The beginning of 1840 saw big changes initiated in regard to New Zealand. The boundaries of New South Wales were extended to include such parts of New Zealand as were, or might be, acquired, and these were placed under the control of Governor Gipps and his Legislature, with Captain Hobson, late of H.M.S. Rattlesnake, as Lieutenant-Governor.

Captain Hobson had no sooner left Sydney for the Bay of Islands than Governor Gipps issued two Proclamations to give effect to the above changes, and one other dealing with the buying and selling of land which had been going on very extensively in the new Colony. This last declared that Her Majesty would not acknowledge as valid “any title to land which either has been or shall be hereafter acquired in that page 283 country, which is not either derived from or confirmed by a grant to be made in Her Majesty's name,” but that it was not intended to dispossess the owners of land purchased on equitable conditions, for the consideration of which a Commission would be appointed.

The Success, which had sailed for the Otago ports, via Port Nicholson, left that port on 4th January, and the Bluff on the tenth, and reached Sydney on the twenty-seventh. As passengers, came up Messrs. Jones and Heskett, and five New Zealand Chiefs. The captain reported that the Jessie had reached New Zealand on 26th December, and was loading at the Bluff when the Success left. The barque Lucy Ann had sailed from Otago to the Taieri station to load up with oil for Sydney, and there were two French whalers at Otago.

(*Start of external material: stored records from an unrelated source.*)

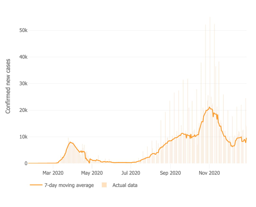 Evolution des nouveaux cas de Covid-19 en Allemagne, par jour au 30 décembre.
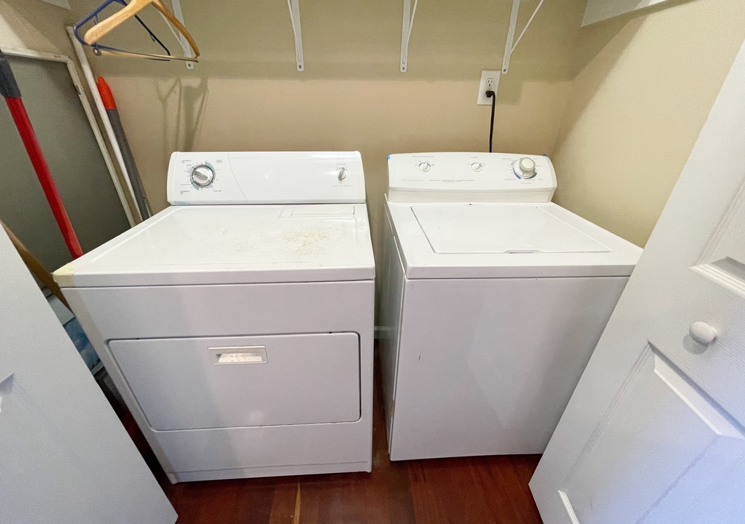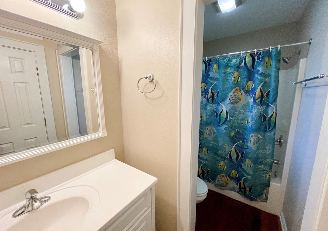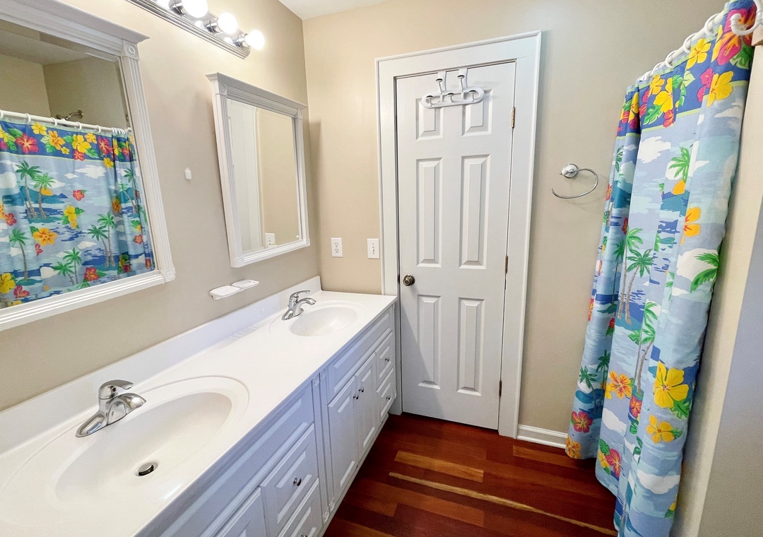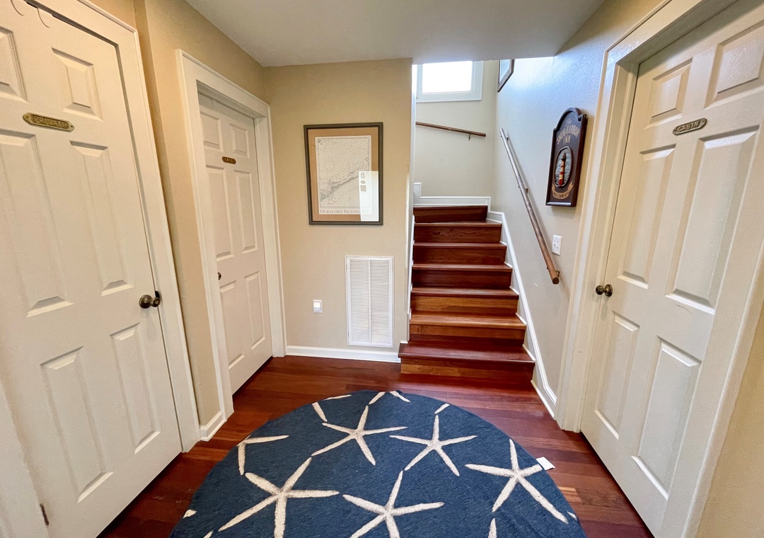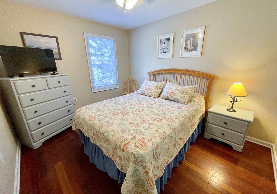First Floor: Bedroom with Queen bed, TV. Bedroom with two Twin beds. Shared Bath with shower. Primary Bedroom with Queen bed, TV, and Primary Bath with tub/shower. Laundry Closet.
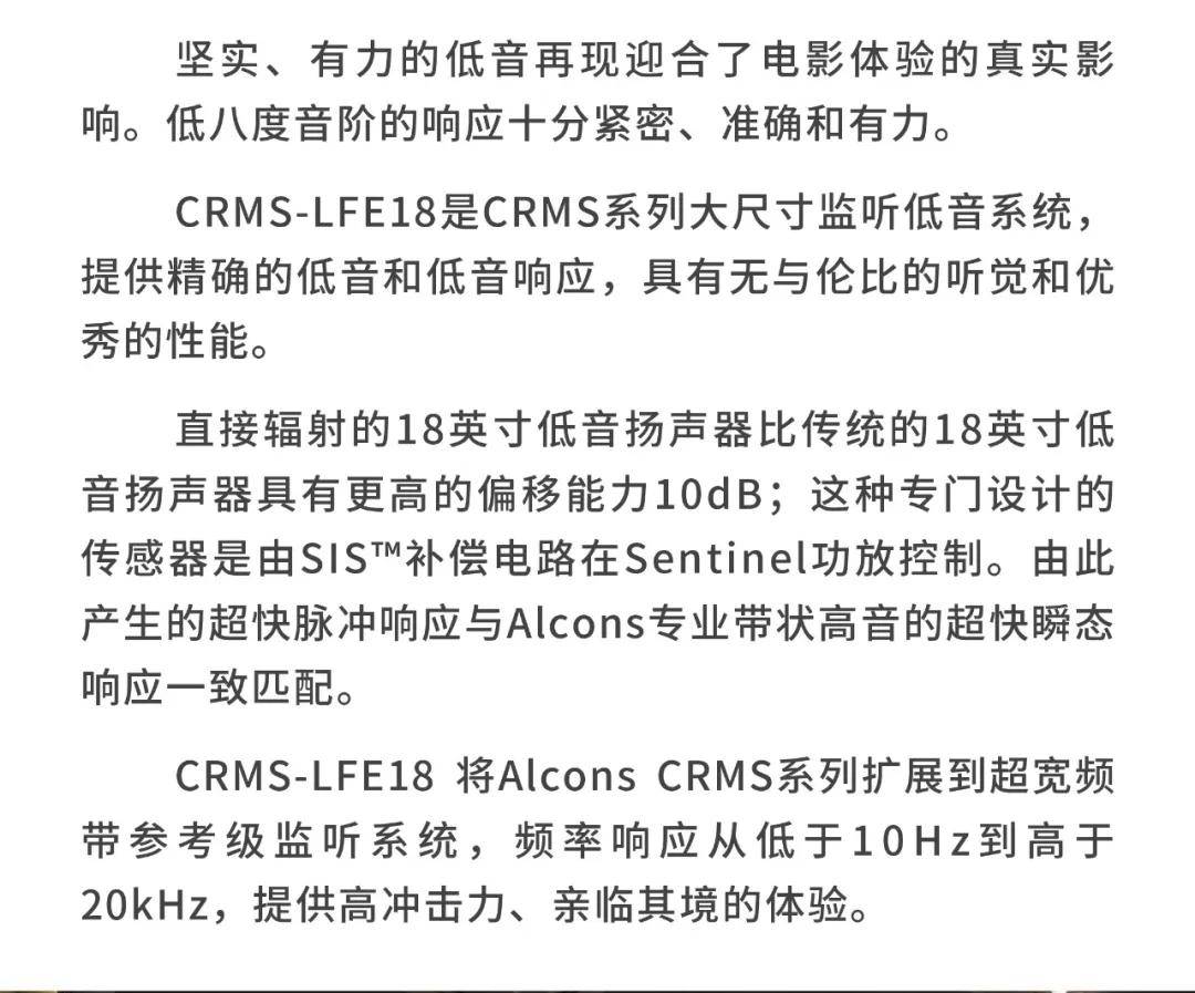 CRMS影院参考监控系统是一个3路音响系统,提供最自然的数字影院和高清音频声音再现。具有专利RBN401专业带驱动器,CRMS结合了卓越的清晰度和可理解性,与异常高的净空声压级。Alcons pro色带驱动器比任何传统的中/高换能器的失真降低高达90%,而非常高的峰值功率处理提供1:16 RMS-to-peak ratio,使最大的屏幕补偿,而不会对驱动器造成任何声音压力。
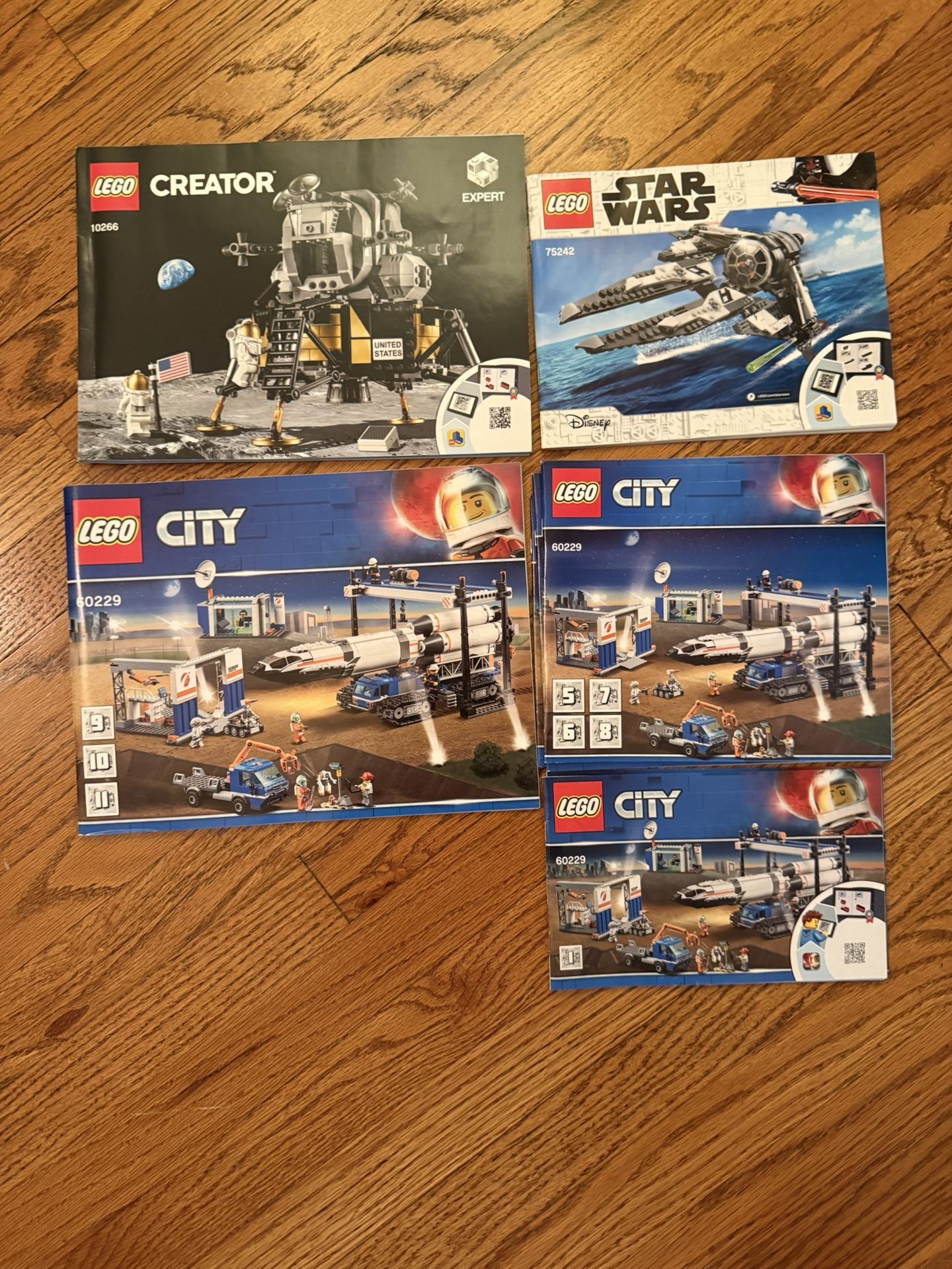 Selling a bundle of LEGO sets. Pieces are currently mixed together in one bin, but the instruction manuals are included (see photo). Great if you want to rebuild the sets or use for parts. Included manuals/sets: * Creator Expert Lunar Lander (10266) * Star Wars set (75242) * LEGO City Space Rocket Launch Center (60229)
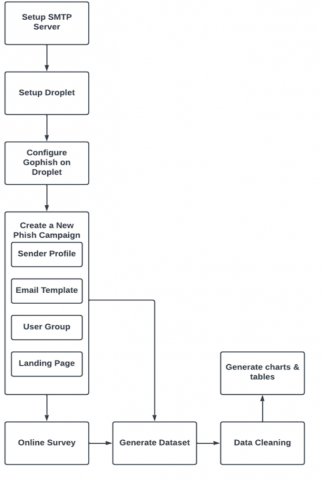 This section presents the methodology for configuring and analyzing a phishing framework to evaluate the vulnerability and awareness of 500 level engineering students in Covenant University to a phishing attack. Figure 1 depicts the research methodology conceptual framework. The rest subsections follow the outline of the Figure 1 sequentially.
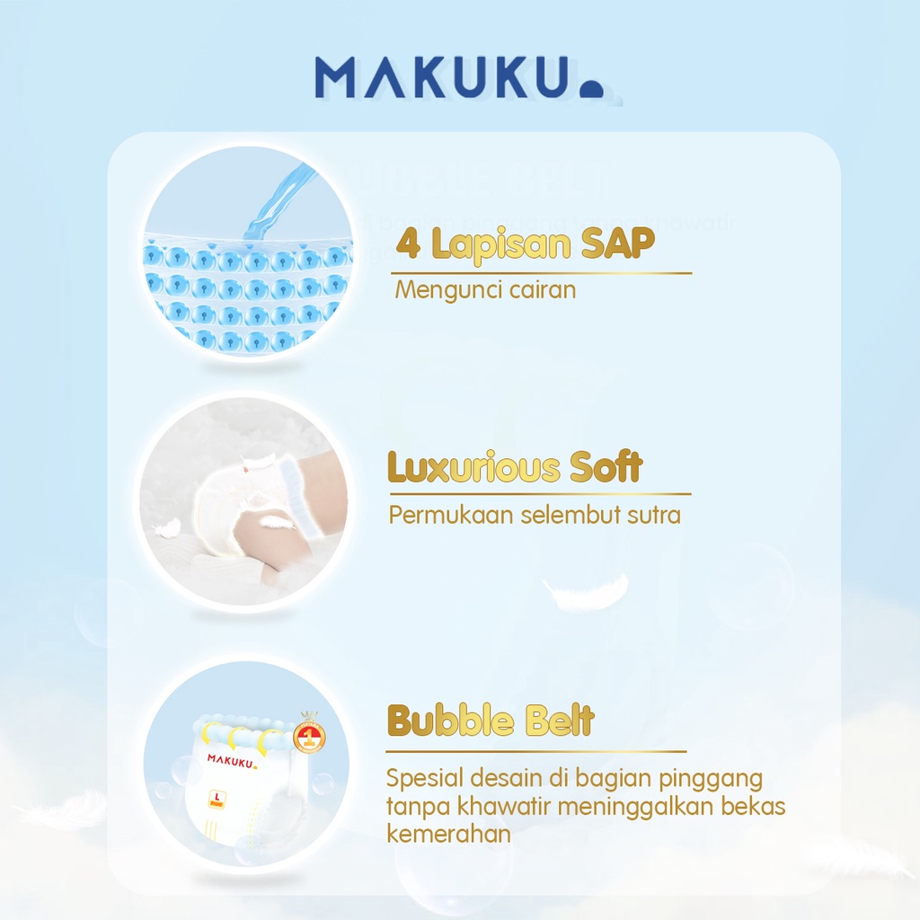 Popok New Generation SAP Core Structure Pertama di Indonesia, popok generasi terbaru dengan struktur yang stabil membuat popok Makuku tidak mudah menggumpal dan jatuh, serta membuat bayi tidak merasa berat saat bergerak. Penyerapan kecepatan tinggi membuat SAP yang masuk ke popok akan cepat diserap merata sehingga dapat melindungi pantat bayi dari iritasi.
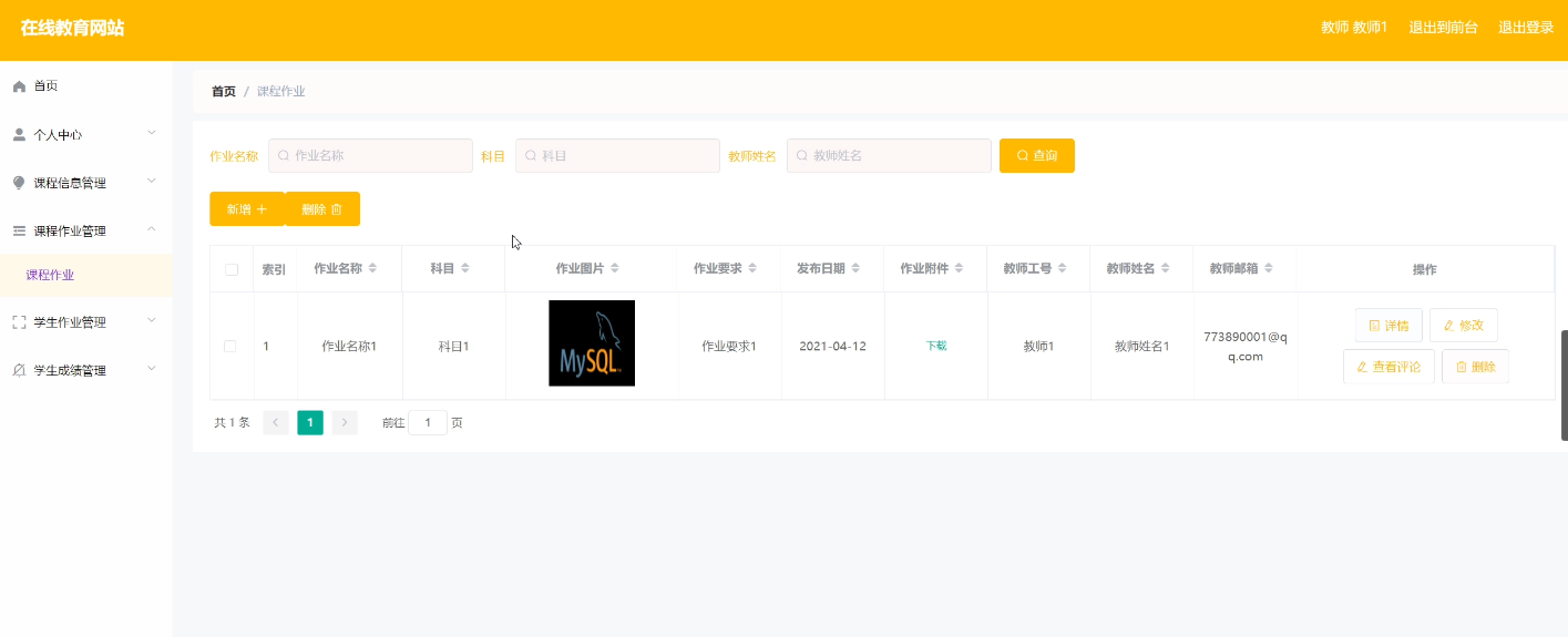 教师登录后,可以对课程作业进行添加修改删除操作。界面如下图所示:
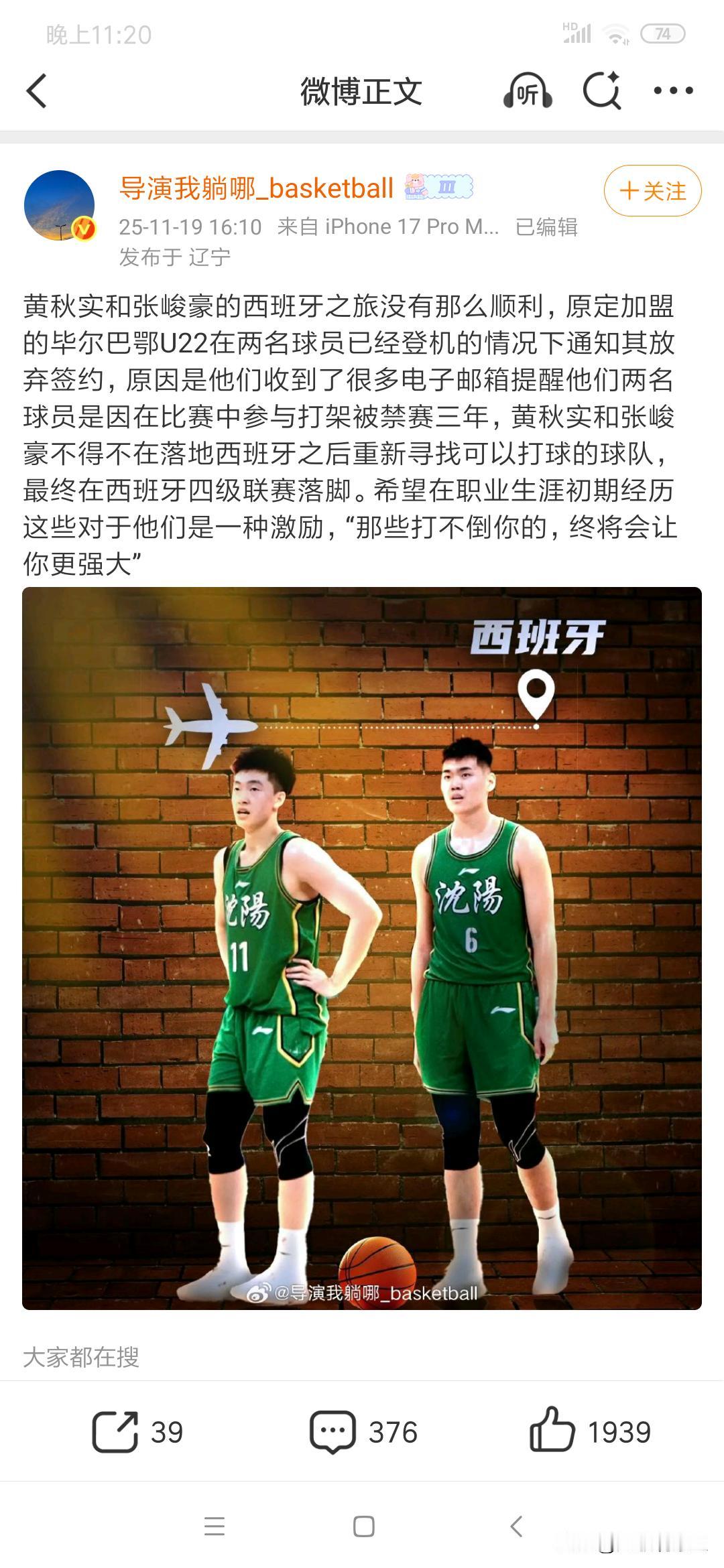 真的假的,谁这么损?辽篮小将张峻豪和黄秋实因打架斗殴遭禁赛三年的事被举报到西班牙,导致两人被毕尔巴鄂U22放弃签约,被迫落地西班牙后要重新寻找球队,最后历经艰辛才得以加盟西丁联赛,这真的是好事不出门,坏事传千里,到底是谁举报的?虽然张峻豪和黄秋实打架斗殴是事实,但是发邮件举报到西班牙确实不道德,有点落井下石的意思,如果人家想清楚和了解他俩的履历的话,肯定会调查的,背后发邮件举报确实有损人的意思!
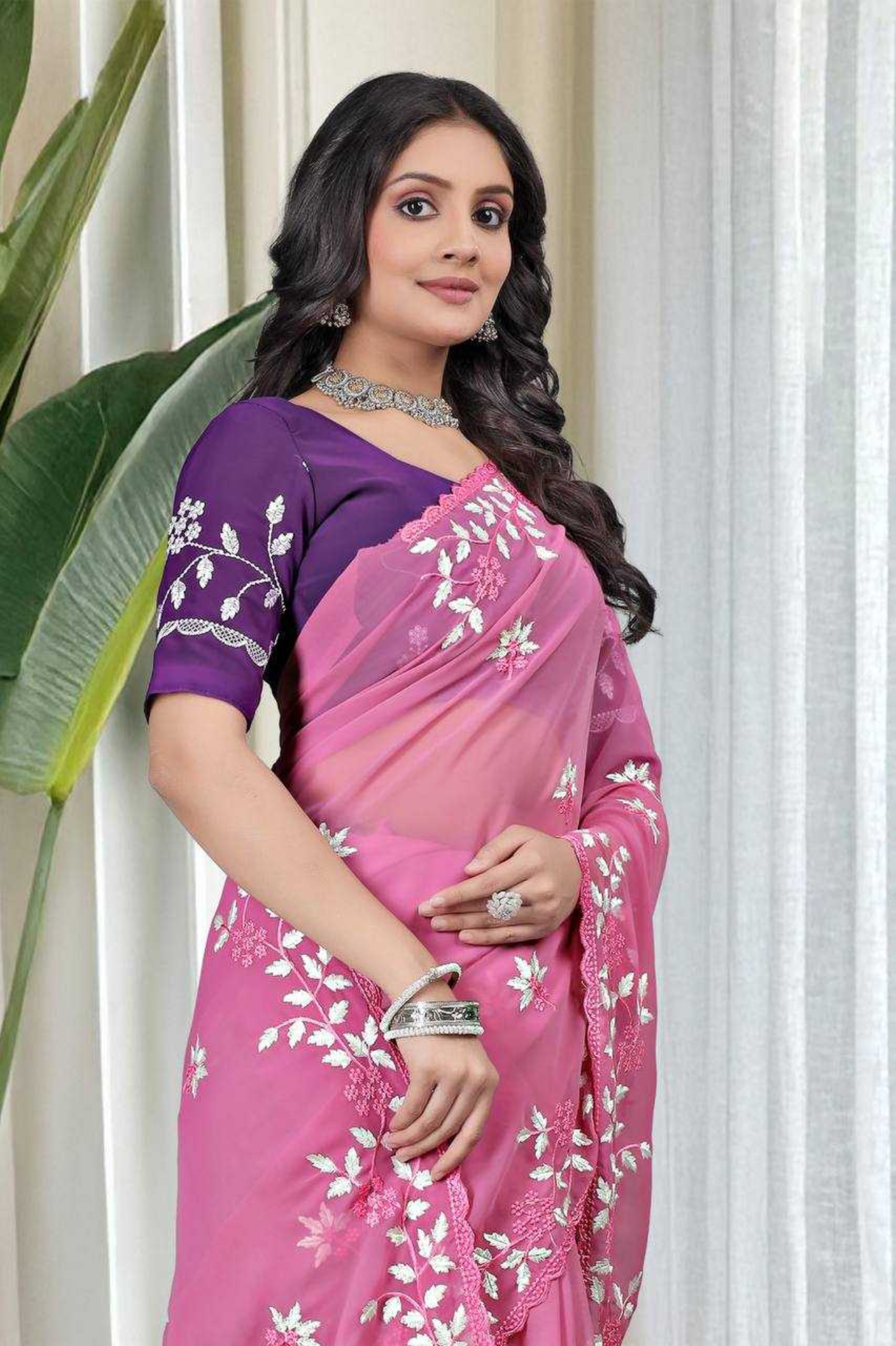 This stunning pink georgette saree features delicate floral threadwork and a scalloped border that gives a graceful, festive look. Paired with a rich contrast blouse, it’s perfect for weddings, receptions, festive events, and special occasions.
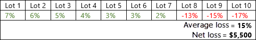 For example, a client's tax loss harvesting thresholds are 15% and $5,000. The client has a security with 10 lots. Seven of those lots have gains and three have losses, and the average loss and net loss surpass the account thresholds:

These Chiefs, passengers on board the Success, had all taken part in the sale of land to Europeans. Both Jones (the owner of the boat they had come up in), and Weller (the owner of the Otago station), were largely interested in these purchases, and were no doubt very much concerned when the Proclamation came out. A deputation was therefore arranged with the Governor, and on 31st December, John Tuhawaiki, Jackey White, and three other subordinate chiefs waited upon Sir George Gipps to enquire whether the Government intended to dispossess certain parties who had purchased land from them, and whose claim, they, the native chiefs, acknowledged. Instead of answering them directly, as some thought he should have done, His Excellency suggested, “with a chuckle,” as the report says, that the real reason for their visit was not so much on behalf of the natives' interest as it was a diplomatic manoeuvre on the part of the European purchasers of their lands, in their own interests. The result of this deputation was not entirely to the mind of its promoters, and it is reported that when they retired, one of the Chiefs expressed himself about His Excellency: “The Gubbernar no good.” Probably if the correct words of “Bloody Jack” were given the description was even more emphatic.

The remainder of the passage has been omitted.